In 1875 new regulations in regard to the use of tax-paid stamps, by which a portion of the stamp is cut out at the time of dumping and returned with the gauger's report, was adopted. This method effectually destroys the stamp and prevents its reuse, while, at the same time, a sufficient mount of the engraving is shown upon the slip to determine whether the stamp is genuine. It was believed that this system afforded the government an effective means of protection against fraud in connection with the collection of distilled spirit taxes.

==Decision==
The court observed that while there was an increased utility beyond previous devices, there was no observable change in the character of the stamp, the identifying marks, nor the purpose of destroying the stamp while retaining the evidence of the stamp's purpose and "seems to us not to spring from that intuitive faculty of the mind put forth in the search for new results or new methods, creating what had not before existed, or bringing to light what lay hidden from vision; but, on the other hand, to be the suggestion of that common experience which arose spontaneously, and by a necessity of human reasoning, in the minds of those who had become acquainted with the circumstances with which they had to deal."

"Cutting out a portion of the stamp, as a means of defacing and mutilating it so as to prevent a second use, was matter of common knowledge and practice before the date of this patent; and cutting out a particular portion on which the identifying marks had been previously written or printed was simply cutting a stub from the stamp instead of cutting the stamp from the stub, as before."

The court mentioned a flaw in the system whereby frauds were committed by the "removal of tax-paid stamps from packages on which they had been originally placed by the officer to others surreptitiously substituted for them, or by emptying the packages of their original contents and fraudulently refilling them with spirits on which had not been paid, attracted the general attention of the revenue department, the answer to the problem of prevention was found by immediate inference from the existing regulations, in the adoption of the expedient now in question."

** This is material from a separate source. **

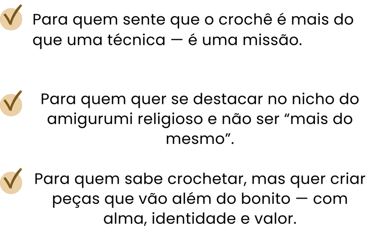 um curso pra transformar seu amigurumi religioso em peças que tocam o coração — e geram renda. ✨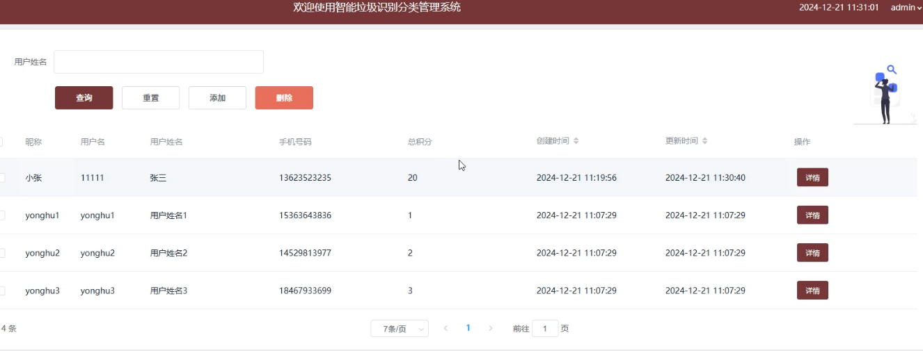 The system is divided into two parts: front-end and back-end. The front-end adopts modern web technology for interface design, while the back-end is developed based on Python language and Django framework. The database uses MySQL for data storage. Garbage recognition is implemented using CNN algorithm. The main functions of the system include garbage recognition, redemption center, viewing of delivery points, delivery registration, data statistics viewing, and ranking list viewing. Users can identify garbage types, view redeemed items, dispose of garbage, and accumulate points through the system. Administrators can manage users, delivery points, garbage classification information, exchange center items, exchange records, and other related content. The system provides an efficient, intelligent, and convenient solution for garbage classification management, which can improve the accuracy and user participation of garbage classification, and promote the in-depth development of garbage classification work.

"As soon as the mischief became apparent, and the remedy was seriously and systematically studied by those competent to deal with the subject, the present regulation was promptly suggested and adopted; just as a skilled mechanic, witnessing the performance of a machine, inadequate by reason of some defect, to accomplish the object for which it had been designed, by the application of his common knowledge and experience perceives the reason of the failure and supplies what is obviously wanting. It is but the display of the expected skill of the calling, and involves only the exercise of the ordinary faculties of reasoning upon the materials supplied by a special knowledge, and the facility of manipulation which results from its habitual and intelligent practice; and is in no sense the creative work of that inventive faculty which it is the purpose of the constitution and the patent laws to encourage and reward. On this ground the decree of the circuit court is reversed, and the cause remanded, with directions to enter a decree dismissing the bill; and it is so ordered."